● **Problem**
What is needed is the exact text of each line in the listing below from the one with "先解锁天竺国家特性驮经白马。 然后就可以去国家特性界面点击华夏国家特性国士无双。 吕布就会骑上白马并且强化百分百属性。" up to and including the one with "CE: Your film", and no pictures.

● **Records provided**
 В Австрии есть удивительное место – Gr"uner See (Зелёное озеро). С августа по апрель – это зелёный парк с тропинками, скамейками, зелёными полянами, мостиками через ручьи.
...
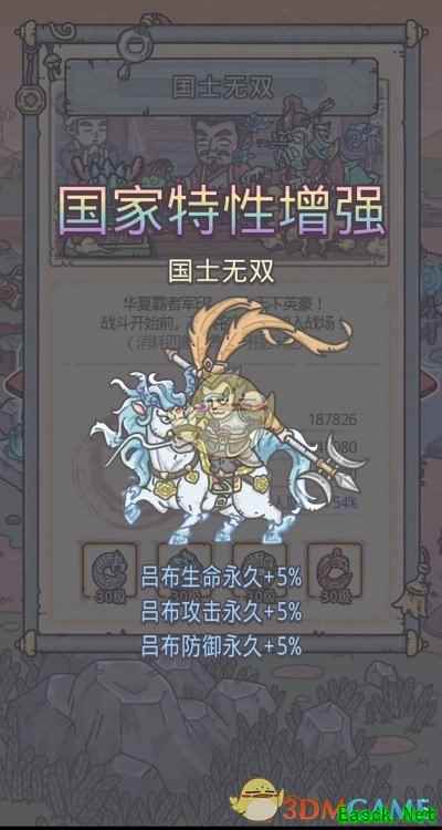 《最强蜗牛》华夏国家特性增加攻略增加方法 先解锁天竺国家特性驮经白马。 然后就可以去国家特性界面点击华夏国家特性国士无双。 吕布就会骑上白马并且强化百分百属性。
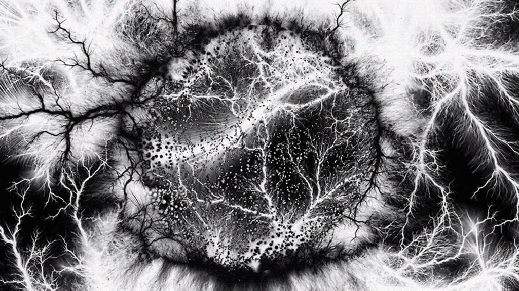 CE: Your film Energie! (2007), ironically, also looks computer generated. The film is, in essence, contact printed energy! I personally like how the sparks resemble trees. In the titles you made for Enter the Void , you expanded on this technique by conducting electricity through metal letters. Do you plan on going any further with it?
---
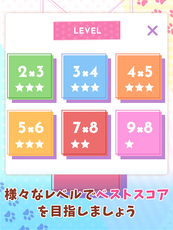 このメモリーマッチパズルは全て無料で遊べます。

● **Exercise response**
 《最强蜗牛》华夏国家特性增加攻略增加方法 先解锁天竺国家特性驮经白马。 然后就可以去国家特性界面点击华夏国家特性国士无双。 吕布就会骑上白马并且强化百分百属性。
 CE: Your film Energie! (2007), ironically, also looks computer generated. The film is, in essence, contact printed energy! I personally like how the sparks resemble trees. In the titles you made for Enter the Void , you expanded on this technique by conducting electricity through metal letters. Do you plan on going any further with it?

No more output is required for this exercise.